Слава Богу, все обошлось. А тут Саша на часы посмотрел, в чулан
нырнул и оттуда мои сапоги рабочие выносит: нам время пришло на вечернюю
дойку отправляться. Поставил он сапоги у моих ног и говорит, выпевает:
«Ко-ров-ка, му-у!» Мне аж неловко стало: подумают, мол, родители, что
я ребенка заставляю на себя работать. Но отцу это понравилось, он даже
рассмеялся после Сашенькиных слов.
Посадили они нас всех в свою машину и повезли на ферму. Там мы с Сашей
и расстались. Плакал он очень, убивался. Тогда я ему песню спела. И про
ручей наш волшебный, и про лес, и про березки, что как невесты в лесу
прячутся. Уснул Саша под мою песню и передала его на руки его маме… А
сама плачу так, что впору кому- либо для меня песню спеть, чтобы я
успокоилась… Уехали они… Напоследок деньги мне стали предлагать. Не знаю
уж сколько, но не взяла я их. Сашенька уже родным для меня стал, какие
уж тут деньги… Через день отец Серафим мне опять их принес. Тогда я
попросила, чтобы он на них купил Коле-афганцу коляску для инвалидов. Три
года он уже в очереди на нее стоит, а этой очереди и конца не видно…
Ладно, пора мне на вечернюю дойку собираться.
- Мы тебя подвезем, - предложил Миша,- а то, как видно, дождь снова собирается.
- Не надо, Михаил Алексеевич, - отказалась Нина. – Засмеют меня на
ферме, что я на работу на машине раскатываю. А что дождь, так мне не
привыкать.
Она ушла за печь переодеваться, а мы с Мишей отправились на крыльцо
покурить. Курили молча, говорить о чем-либо после ее рассказа не
хотелось.
Нина появилась минут через пять, в огромном брезентовом плаще и кирзовых сапогах, с небольшим кувшинчиком в руках.
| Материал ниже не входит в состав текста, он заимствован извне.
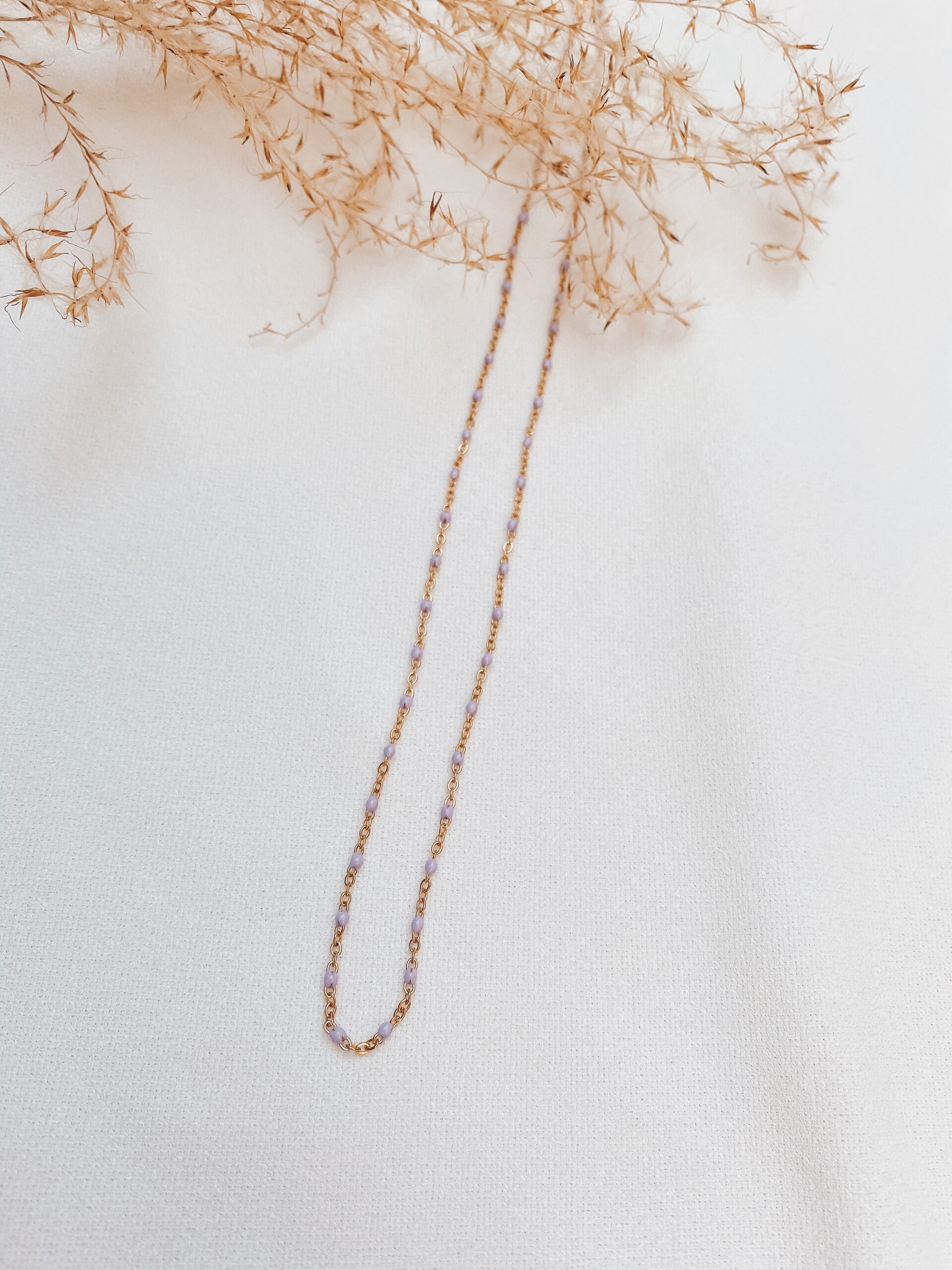Mooie ketting gemaakt uit stainless steel met lila accentjes

- Хочу медом вас угостить, Роман, не знаю как вас по батюшке. Вы
такого в Москве не пробовали. А теперь утречком попьете чаю с нашим
медком и вспомните о нас: про Матвейку моего, про Яшку-лосенка, да про
меня грешную.
Она сошла с крыльца и, обернувшись, поклонилась нам. Уже у калитки она снова обернулась и крикнула, улыбаясь:
- А вы, Михаил Алексеевич, заезжайте к нам на свежий мед: я в конце месяца я в лес бортничать пойду…
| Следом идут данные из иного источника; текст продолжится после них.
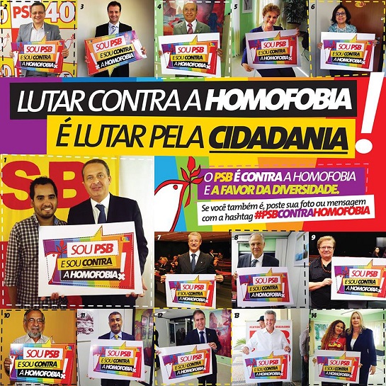 Como forma de lembrar o 17 de maio, Dia Mundial contra a Homofobia, o PSB lançou campanha com participação de importantes nomes do partido. O maior destaque fica com o presidenciável Eduardo Campos, que posou com placa da ação, na qual se lê: Sou PSB e sou contra a homofobia.
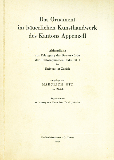 Appenzell – Ott, Margrith, Das Ornament im bäuerlichen Kunsthandwerk des Kantons Appenzell. Dissertation. Zürich 1945. 184 S. + 6 Tafeln, OKt. (dieser, Schnitt u. Titelbl. etw. stockfl. bzw. angestaubt). Teilweise Bleistiftanstr., 2 Bibl.-St. (ausgeschieden). Insges. wohlerhalten.

Мы стояли на крыльце, пока она не скрылась в овраге. Из дома вышел заспанный Матвей.
- Что, уезжаете уже? – спросил он, грустя.
- Уезжаем, - так же грустно ответил Миша. – Но ты, брат, не скучай, я через неделю приеду, привезу тебе ружье с пистонами.
- Не надо мне ружья, - неожиданно отказался мальчик. - Ты привези мне
лучше ма-а-а-ленького попугайчика, только чтобы он говорить мог. А то
мне больно скучно, даже поговорить не с кем, когда мамка на ферме…
- Хорошо, привезу тебе попугая, - пообещал Миша.
Мы вышли со двора, пожали Матвею руку и залезли в «Запорожец». Но Миша
почему-то не спешил заводить машину. Положив руки на руль, он надолго о
чем-то задумался. Потом обернулся ко мне и сказал:
- А я знаю, о чем ты думаешь.
- О чем? – спросил я.
- О том, что хорошо бы вернуться сюда…. Вернуться, чтобы остаться навсегда.